Two: Somehow the reactivation of past infections which need to be treated back into submission.

In paradoxical IRIS, the symptoms of an infection that’s already resolved reappears, sometimes due to a stubborn infection or drug resistance, but often cultures are sterile, which means there’s no active infection. Instead the body is railing against the persisting antigen or dead pathogen. Usually paradoxical IRIS resolves on its own.
Paradoxical IRIS sounds like it could also be explained by autoimmune reaction, perhaps triggered by the prior infection or treatments. There is some indication that ME/CFS may essentially be autoimmune, especially in a very recent study which is explained at http://phoenixrising.me/archives/16017 .
I have tested positive for antibody activity to Lyme disease twice since this started, yet negative to PCR for Lyme. I have tested positive for antibody activity to CMV twice as well. I find it extremely difficult to believe that I am currently positive for two diseases at the same time. Two active infections.

While I realize you guys see this type of thing often - the fact that my PCR is negative, and my Western Blot had absolutely no positive bands for Lyme, and a C6 Peptide test for Lyme also came back negative .... implies that my immune system is on overdrive. I have decided to order the CMV PCR test tomorrow. If that is negative as well ... then I have immune activity on two diseases that have no PCR activity.

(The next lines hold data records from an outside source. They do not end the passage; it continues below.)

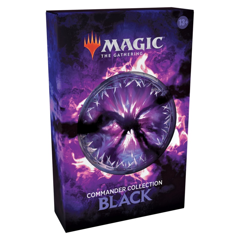 Commander Collection: Black is a boxed set of eight reprinted cards themed to one color and what it does bestin this case black, the color of ruthlessness and opportunity. These cards have been selected to showcase iconic black strategies in Commander, and each one has been given brand-new art with loads of references to popular legendary characters. They’ll be right at home in your favorite black deck alongside their legendary counterparts!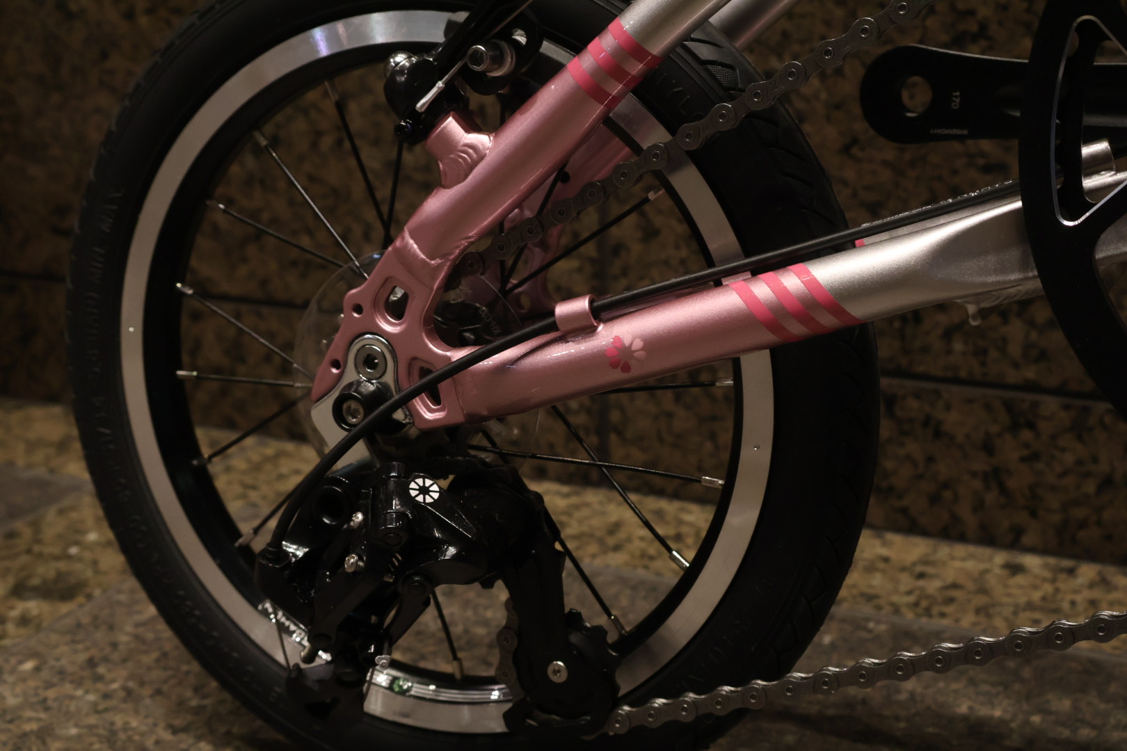 フレームのベースカラーにシルバーを採用しフレームの各所に桜の花びらがちりばめてあり、車体前方と後方のカラーも桜をイメージするような配色がされていて日本の春を象徴する可愛いカラーリングになってます!
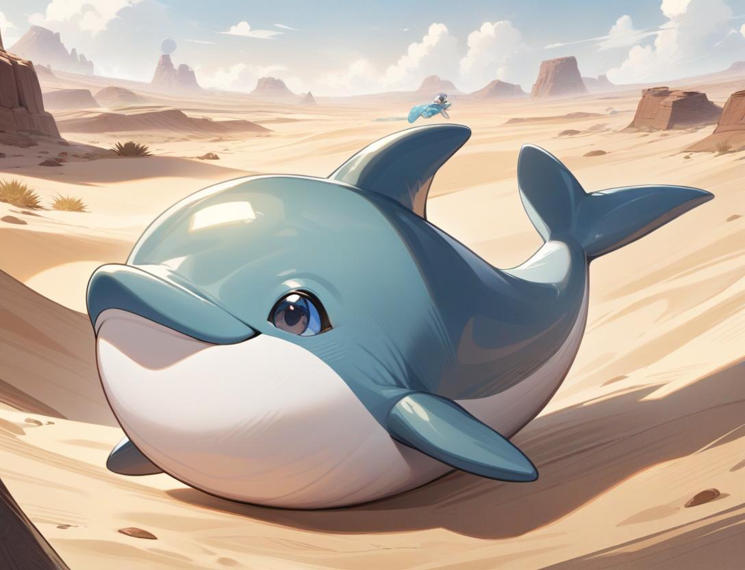 イズン大陸西側のオリエント砂漠に生息する砂漠イルカ、フグみたいに膨らんで腹の中に水を溜めている。

To me this implies the possibility of IRIS. IRIS is when the immune system THINKS there is a current infection based on seeing remnants of past infections, and mounting an immune response to that "phantom" infection. Others I've spoken to who took HIV meds for prophylaxis had similar issues. Needing prednisone to finally calm the immune system.
Again, I think this can happen with auto-immunity testing - basically things cross-react. Also steroids are often used to suppress auto-immune reactions.

No easy answers for any of us yet, just possibilities to explore.